Changes in breath VOC patterns are independent of the size of the lung cancer in that T1
tumours (<3cm) have a similar breath pattern of abnormality to T4 tumours [22], raising the
possibility that VOC abnormalities may even be detectable at the preneoplastic (severe
dysplasia or carcinoma in situ) stage. It describes a comparison between 212 controls
without lung cancer and 195 patients with primary lung cancer. The breath test was as likely
to be abnormal in stage 1 disease as in stage 4 disease. This implies firstly that as a
screening tool VOC breath testing has potential to detect operative curable cases. Secondly,
it implies that oxidative changes leading to altered breath VOCs are an early feature of
lung cancer development, and that the method may therefore detect the presence of
preneoplastic lesions in the bronchial tree.

The strength of VOC breath testing is the simplicity of methodology and specimen collection.
Patients breathe into a portable collection apparatus tube for 5 minutes. This requires
only tidal breathing and therefore presents no difficulty even for patients with pulmonary
disease.

In a 2006 review Lam and Shaipanich [23] looked forward to the possible role of breath
testing as this tool: "For example using a biomarker with a sensitivity of 85% and a
specificity of 81%,( breath testing- my insert) at a disease prevalence of 2.7%, instead of
screening every person in the cohort with spiral CT and fluorescence bronchoscopy, only 21%
of the cohort needs to have the CT and fluorescence bronchoscopy."

Breath testing in Laryngeal cancer In a recent article Hakim et al [24]described for the
first time that Head and Neck cancer can be identified by breath testing.
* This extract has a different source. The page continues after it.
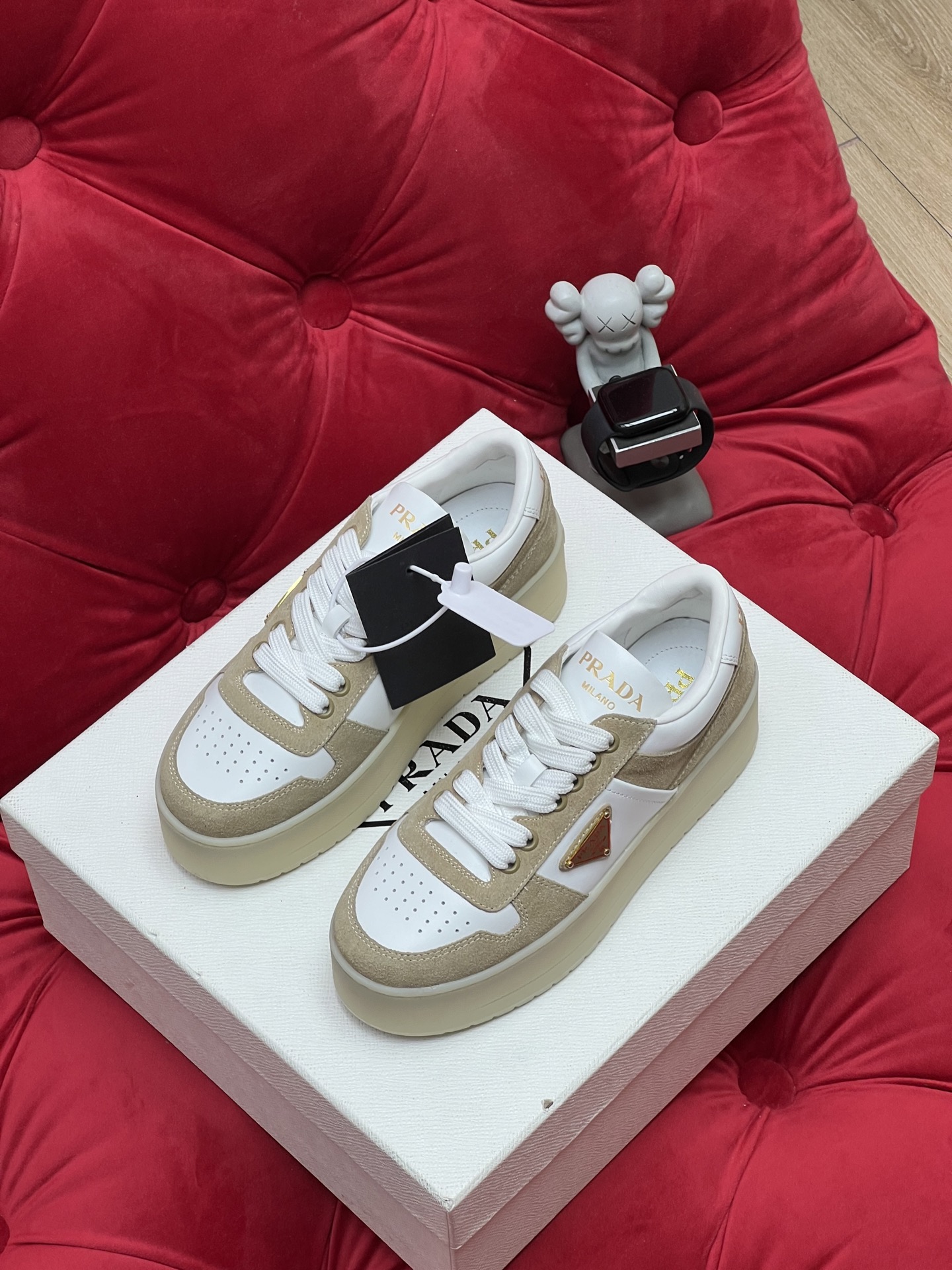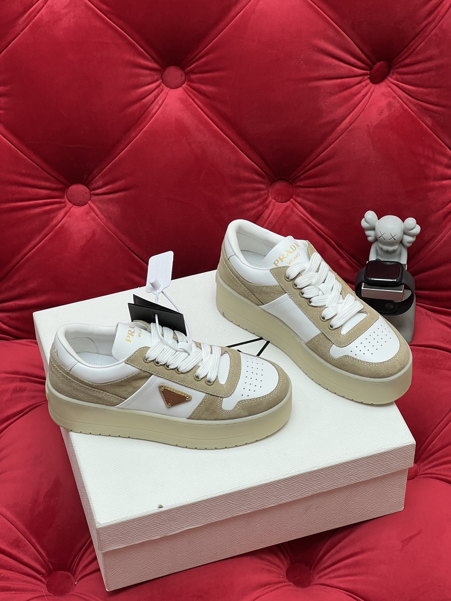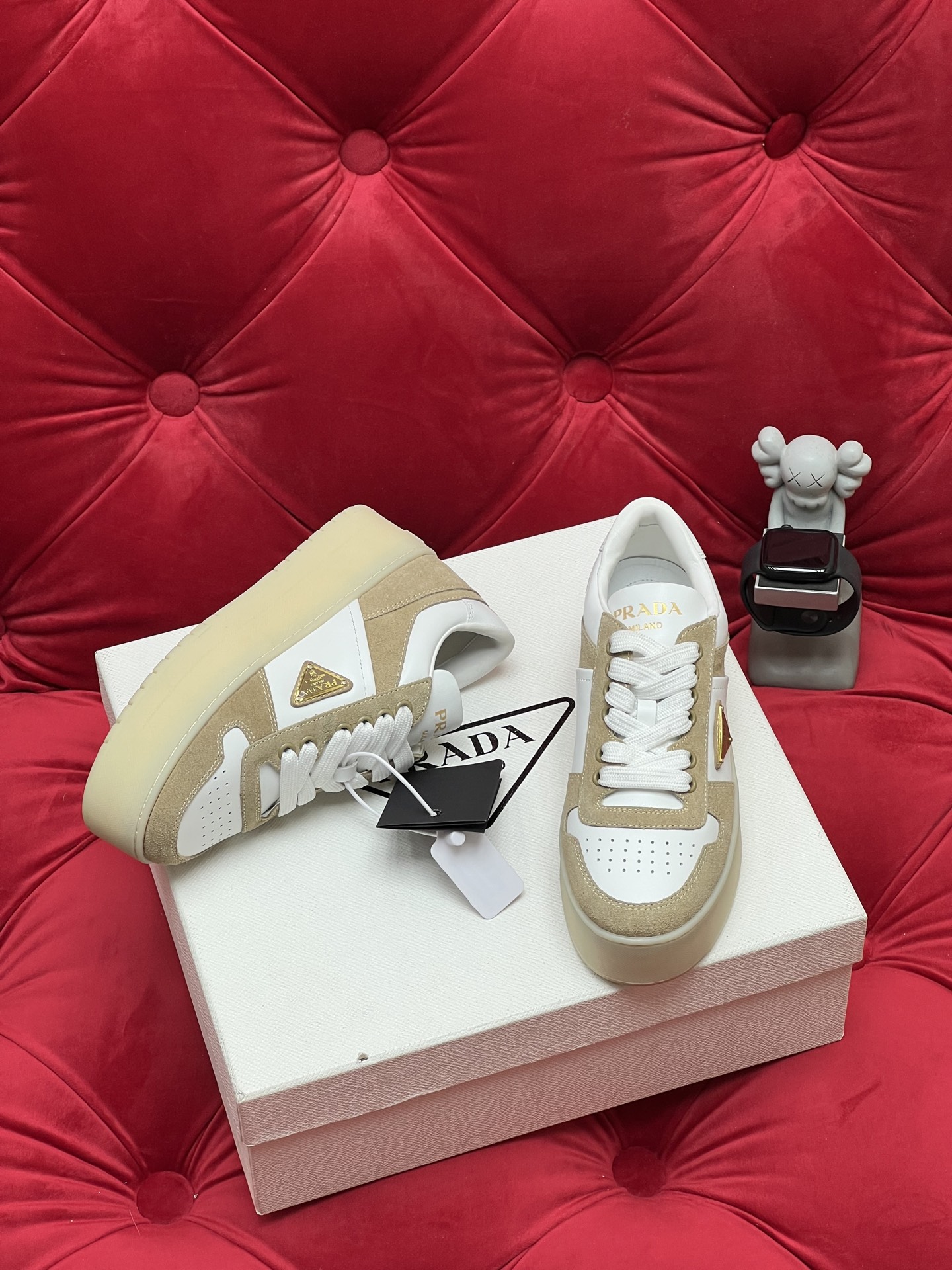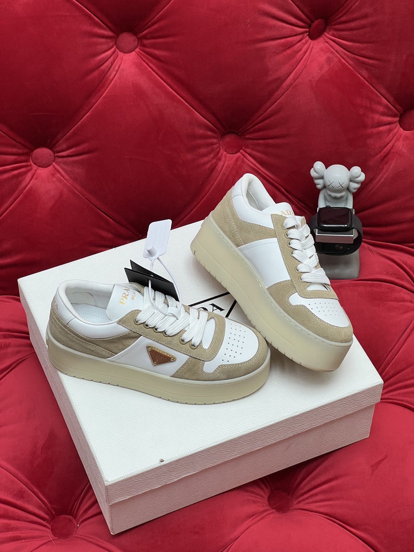 这款鞋子是AAAAA 1:1 质量 (非常棒). 使用了和原版一模一样的材料. 商标部分也保持了和普拉达/Prada一样. 图片拍摄是实物鞋子拍摄, 您所收到的实物保证和我们图片一模一样.

Alveolar breath was collected from 87 volunteers (HNC and LC patients and healthy controls)
in a cross-sectional clinical trial. The discriminative power of a tailor-made Nanoscale
Artificial Nose (NA-NOSE) based on an array of five gold nanoparticle sensors was tested,
using 62 breath samples. The NA-NOSE signals were analysed to detect statistically
significant differences between the sub-populations using (i) principal component analysis
with ANOVA and Student's t-test and (ii) support vector machines and cross-validation. The
results showed breath testing could clearly distinguish between (i) HNC patients and
healthy controls, (ii) LC patients and healthy controls, and (iii) HNC and LC patients. The
GC-MS analysis showed statistically significant differences in the chemical composition of
the breath of the three groups.

The Cyranose / Enose VOC testing with the eNose allows groups of patients to be tested for
differences or similarities of breath signal [25-27]. A single expired breath is collected
in a sample bag then a pump draws the sample into the device where it passes over 32
electronic sensors. Over 400 possible chemicals affect these sensors in different ways, ad a
pattern of electronic signals is generated. It is the distribution of the electric signals
across the 32 sensors which gives the pattern. Software within the device determines which
of the 32 sensors is giving the strongest signal in each test, and uses these sensor results
in a combination result called a factor. This is known as Principal Component analysis. When
comparing 3 groups of patients the software will generate 2 factors for each breath sample
and plot these on a graph. Where a group of patients has a distinctive signal the factor
analysis will clump that group together, at a certain "distance" on the graph from the other
group. The greater the distance t(Mahalobinus distance) the more different the groups are.
Numerous authors have published data on this type of analysis for a variety of disease
states, particularly lung cancer. This approach is very easy technically and leads to
further study of the individual VOCs which are responsible for the signal. It is likely
however based on results from other tumours that a combination of VOCs are present in
different amounts in cancer patients as opposed to a single VOC. The ENose approach has not
been applied in Head and Neck cancer patients and nor has there been any report of detection
of in situ cancer.

Because of the step wise development of squamous cell cancer it is quite possible that In
situ cases would be clumped together with advanced cases of Squamous cell carcinoma, and
that both would be different to smoking controls. Alternatively it may be the signal in the
early cases is different from later stages but different from controls as well, so that both
early and advanced cases could be diagnosed from breath testing.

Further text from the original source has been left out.